Perhaps his voracity and emblamatic erudition were a function of sleeping less or the other way around. Perhaps awaking from a deep sleep we are well rested enough to think. We have an idea and fail to express it for we are too thoughtful. Taleb would say “thinking is time-consuming and generally a great waste of energy”. Da Vinci didn’t think. To think here is not to be curious. To have the passion to explore. Rather, it is to think about thinking. To overthink. Taleb intends to say that when we analyze our own thoughts, we lose them. They get clouded by self-conciousness, embarassment perhaps, and especially the notion that we should be doing something else. This prevents truest expression and is a wall without footholds for climbing.

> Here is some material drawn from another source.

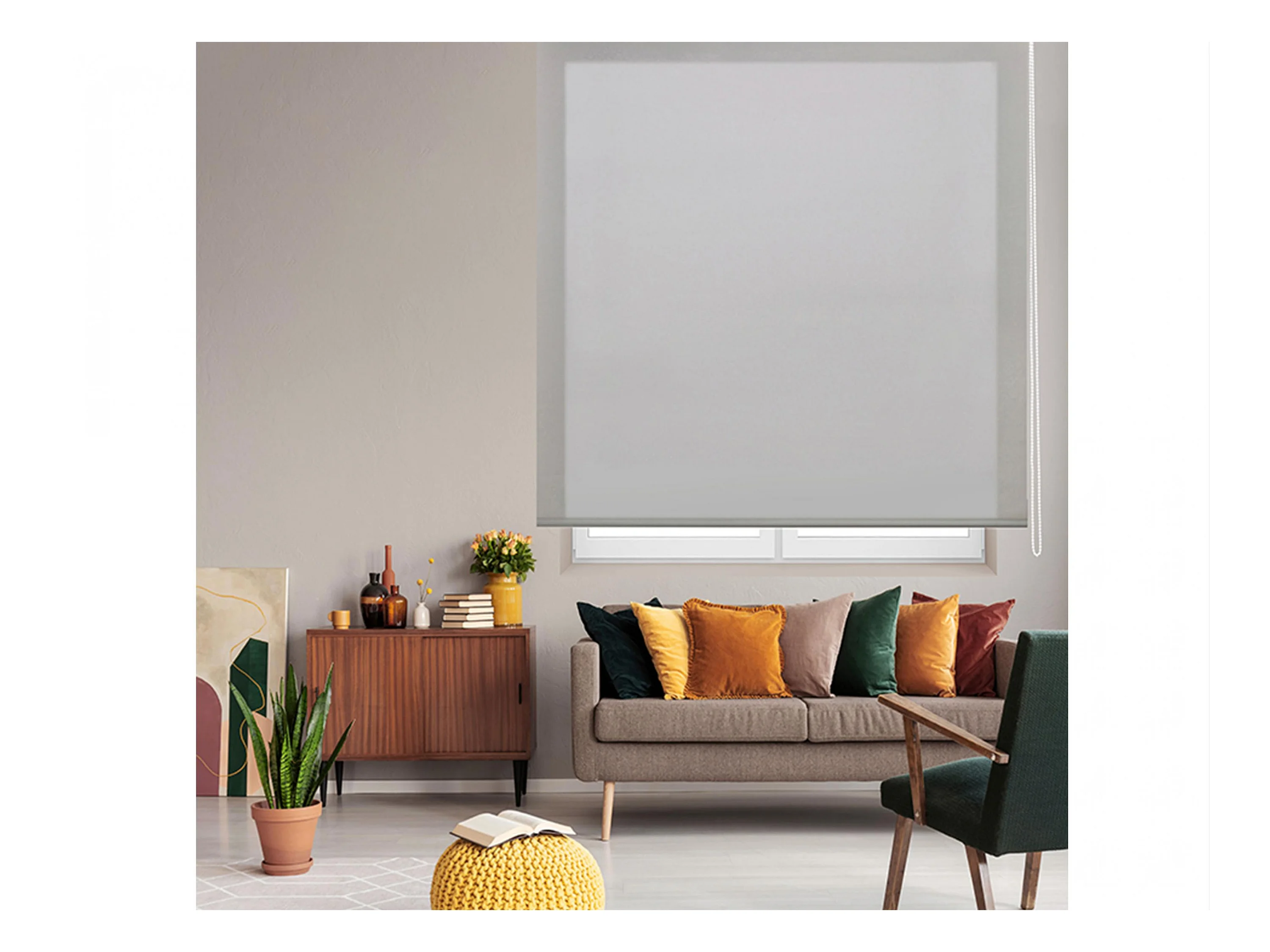 Cortina de rolo translúcido com trama simples e corrente manual

What if Da Vinci wore a Whoop? What if he looked at his app and saw that he was working on only 9% recovery every day? That his sleep quality was shot and his function declined. You might suggest that he wouldn’t care and would go about his way of life with conviction. I decline this belief. Even if slightly, he would alter his regimine if even a little. Twenty minute naps might become forty as he tinkered and tinkered. A man to whome exploration comes as easily as breathing would not take in information without experementing with it. He may have grown obsessed with the Whoop score at the sacrifice of his other pursuits.
Electing what data to consume, particularly in regards to oneself is deeply critical. More data can oft be far more harmful than less. For experimenting with changing habits when they need not changing is quite disruptive. Weighing yourself everyday, even checking grades everyday, the status of your bank account. These things put pressure where it’s not always needed and can get in the way of larger and better thought out pursuits. I caution obsession with short time scale data and instead advocate pursuit of the duration. Food tastes better low and slow. So do you.
But perhaps if Da Vinci had paid attention to his Whoop and altered his sleep he would have painted ten Mona Lisa’s. Who knows? I certainly don’t.